I have blogged about this before in previous years, but a new study just released by the National Highway Transportation Safety Administration (NHTSA) indicates that, while traffic fatalities are down around the country, the state of Kansas saw a huge jump in alcohol-related traffic fatalities in 2008. In fact, there was a 36% increase, the second highest in the nation. The numbers rose in 2007, as well. In other words, despite the much harser treatment of citizens accused of DUI in Kansas in the past couple of years, the problem is getting worse, not better. That is because suspending people’s driver’s licenses for longer and putting them in jail for longer is not really a solution. It may make a politician look “tough on crime”, it may appease special interest groups like MADD, and it may make some people feel better, but it does not truly affect the number of people who end up in a traffic accident after consuming alcohol which is, after all, what the laws are meant to prevent.
From a previous blog post:
The drunk driving problem cannot be solved by harsher punishment. It is a social problem and chemical dependency problem. All of the jailings and all of the license suspending are apparently not making much of a difference.
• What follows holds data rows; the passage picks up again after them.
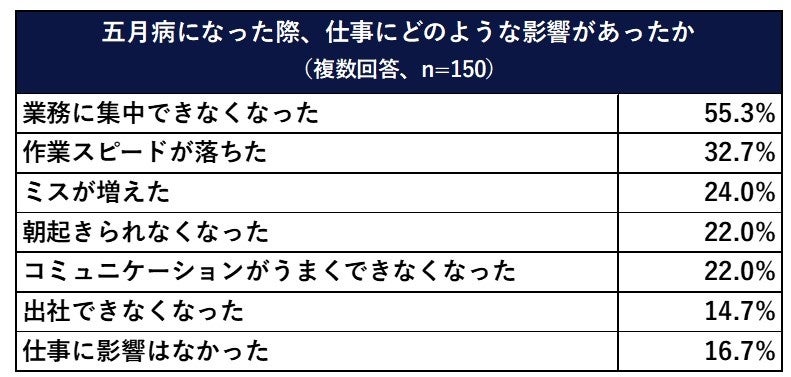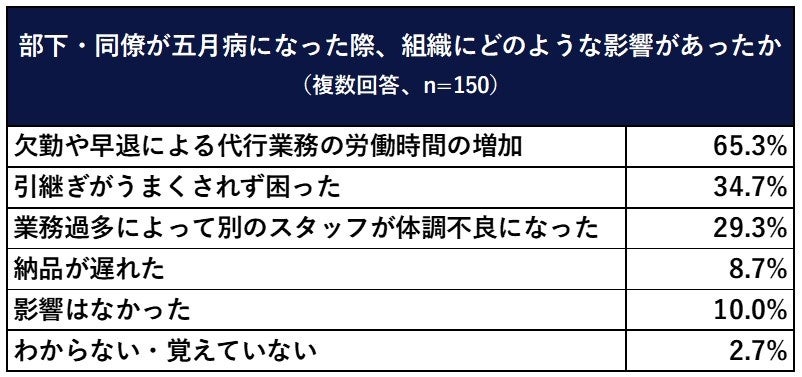 また、同僚や部下が五月病になった際の影響も少なくなく、「欠勤や早退による代行業務の労働時間の増加」が65.3%、「引継ぎがうまくされず困った」が34.7%、「業務過多によって別のスタッフが体調不良になった」が29.3%という結果が出ました。
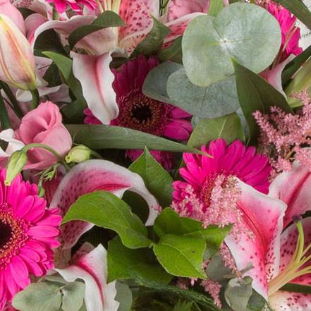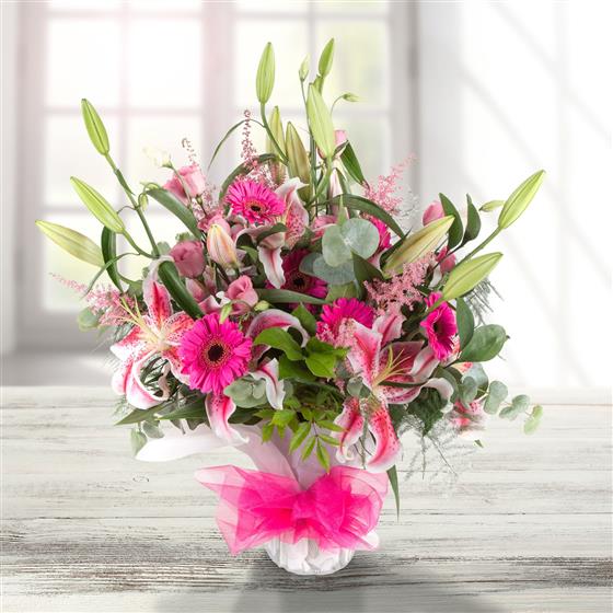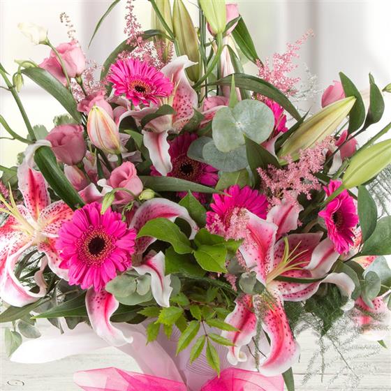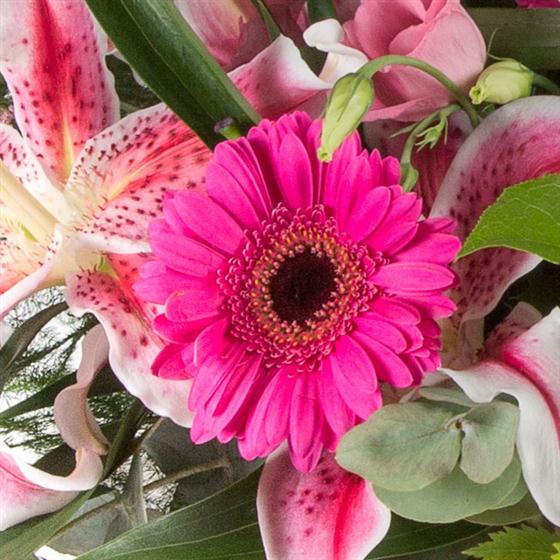 A fun and fabulous display of vibrant pinks including scented oriental lilies and mini gerberas.
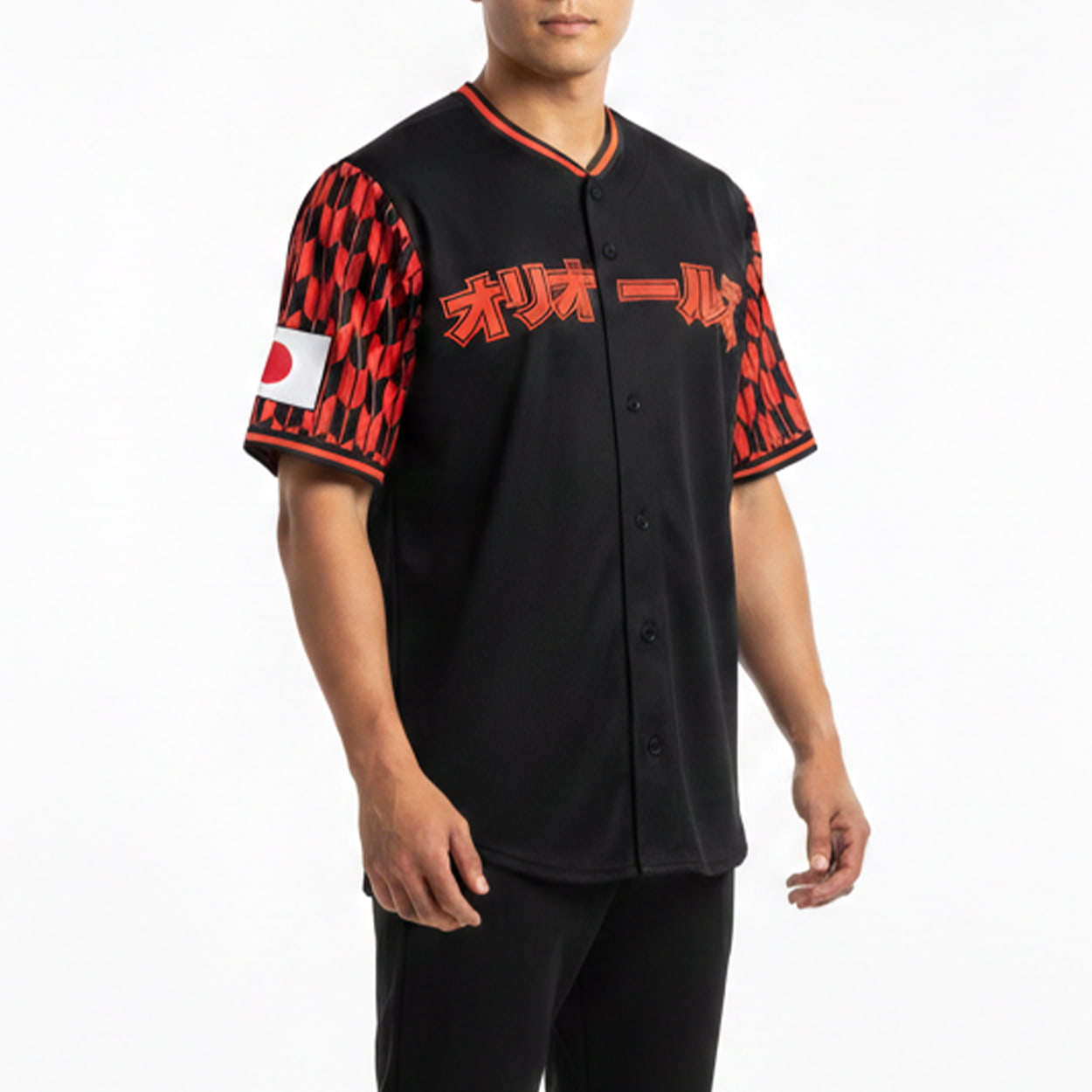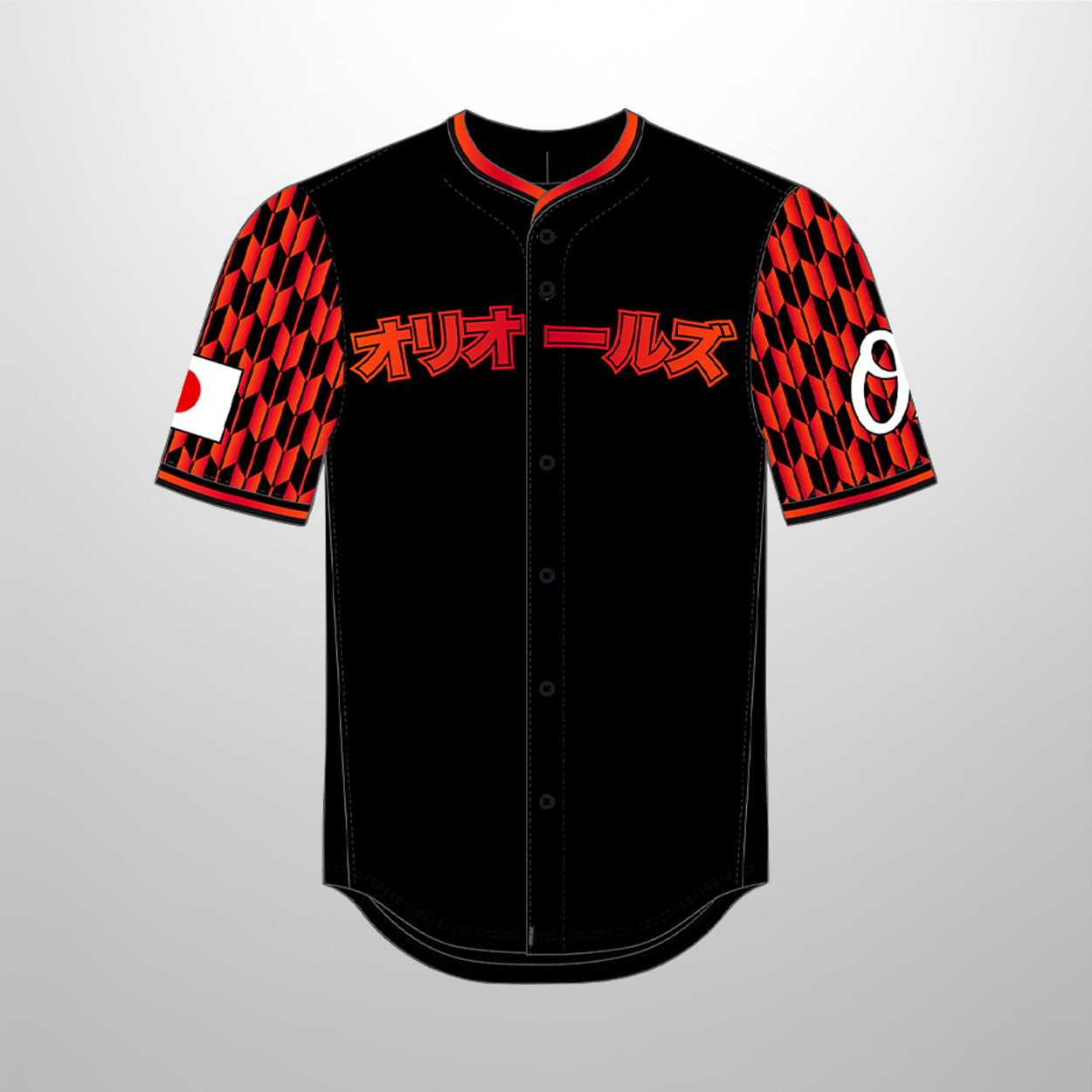 Get ready to turn heads at Camden Yards with this jersey—an item that blends cultural flair with baseball swagger. This sleek black jersey is accented with fiery red and orange tones, featuring a bold chest graphic in Japanese characters that reads “オリオールズ” (Orioles). The sleeves steal the show with a red-and-black checkered pattern that adds a punch of visual rhythm. On the left sleeve, a Japanese flag patch pays homage to heritage, while the right sleeve sports a crisp white circular logo for balance and contrast. It’s a jersey that doesn’t whisper—it shouts style.
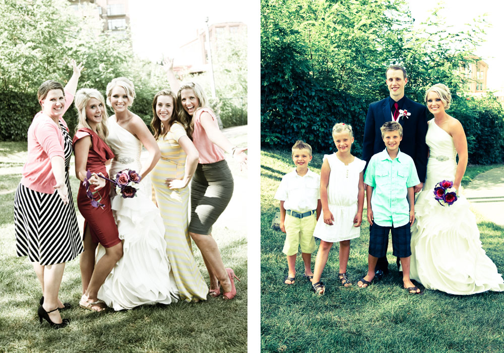 Carissa and Mike are my ideal couple to work with because all they want to do is have fun! And with Carissa’s organizational skills and awesome creative talent, their wedding day was so much fun! As far as I could tell everything ran like clock work! And if it didn’t, well then they fooled me! But hey, they were working with the awesome people at Beacon Hill and for the second weekend in a row I got to work a wedding with my favorite DJ Matt Parker of Sound Authority so how could it not run smoothly?! Carissa made everything from the centerpieces, to the bouquets and boutineers, to the bridesmaids adorable T-shirts you see in the first photo collage! Beacon Hill is a beautiful venue and I am so glad I already have a wedding booked there next summer! Cheers Carissa and Mike! I don’t even have to tell you to have fun being married, because I know you already are! xxo
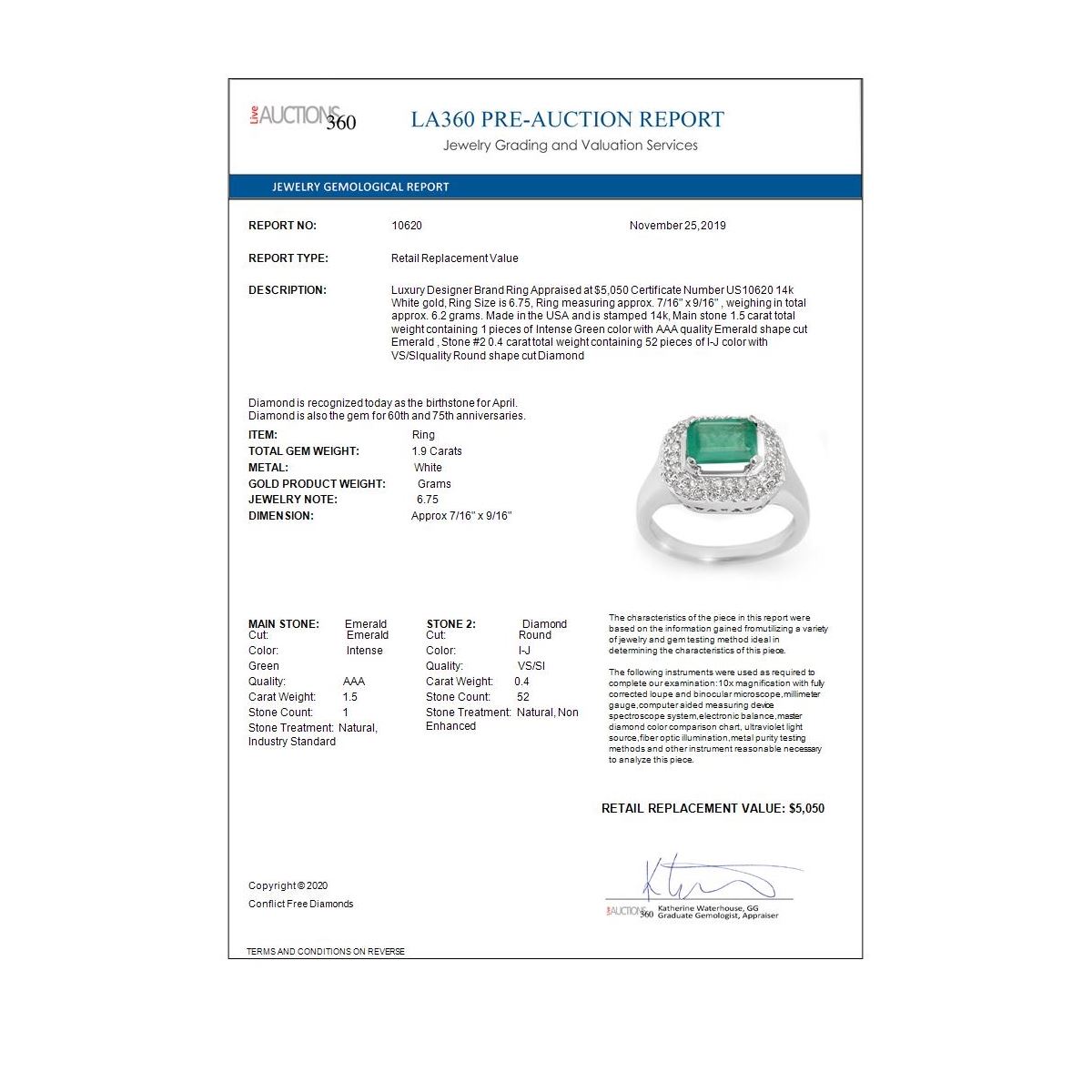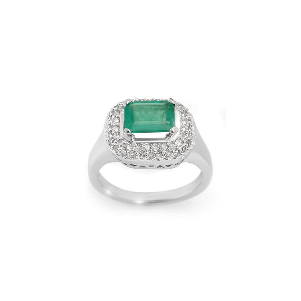 1.90 ctw Emerald & Diamond Ring 14K White Gold
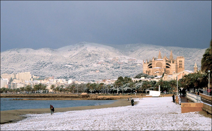 - Zware sneeuwval zoals hier in 2012 is zeldzaam in Mallorca. Author – , license CC BY-SA 3.0
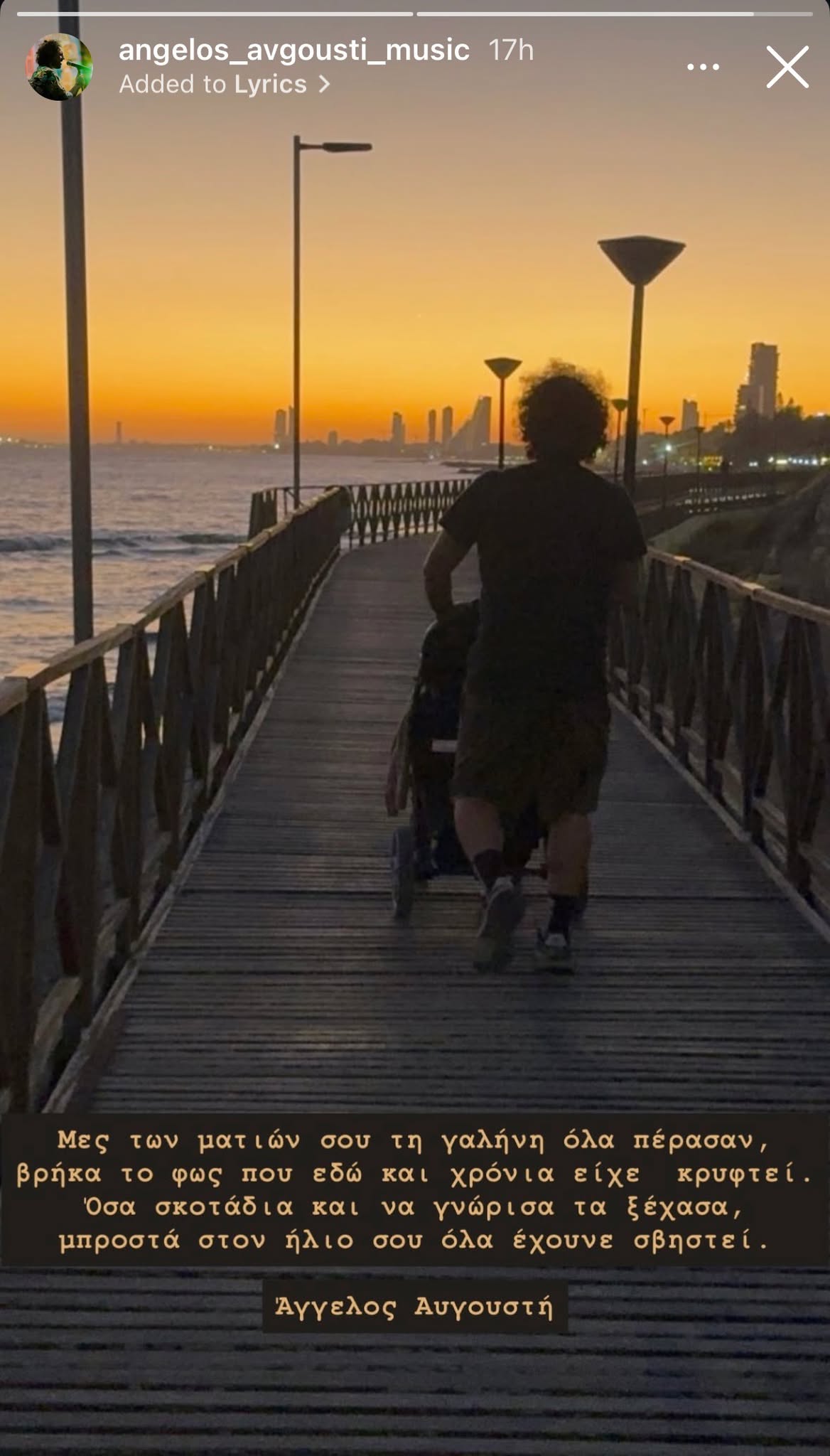 Χαρακτηριστικά, ο Κύπριος τραγουδιστής, αφιέρωσε στίχους στον πρώτο καρπό του έρωτα του, γράφοντας στο story του τα εξής: «Μες των ματιών σου τη γαλήνη όλα πέρασαν, βρήκα το φως που εδώ και χρόνια είχε κρυφτεί. Όσα σκοτάδια και να γνώρισα τα ξέχασα, μπροστά στον ήλιο σου όλα έχουνε σβηστεί». Δείτε τη σχετική εικόνα που εντοπίσαμε στα social media:

The Kansas DUI law needs another overhauling, but not to make the law stricter and harsher on people. We need sentencing laws that will actually work and make a difference in our society. As I have said before, until attitudes change in the community, and there are effective treatment and education programs, and until there is infrastructure like public transportation available, all of the harshest laws possible will not solve this issue. The number of DUI arrests and deaths continues to stay the same or go up. One definition of insanity is continuing to repeat the same behavior over and over expecting a different result. The DUI laws in Kansas are apparently less than sane. We need to rethink the approach.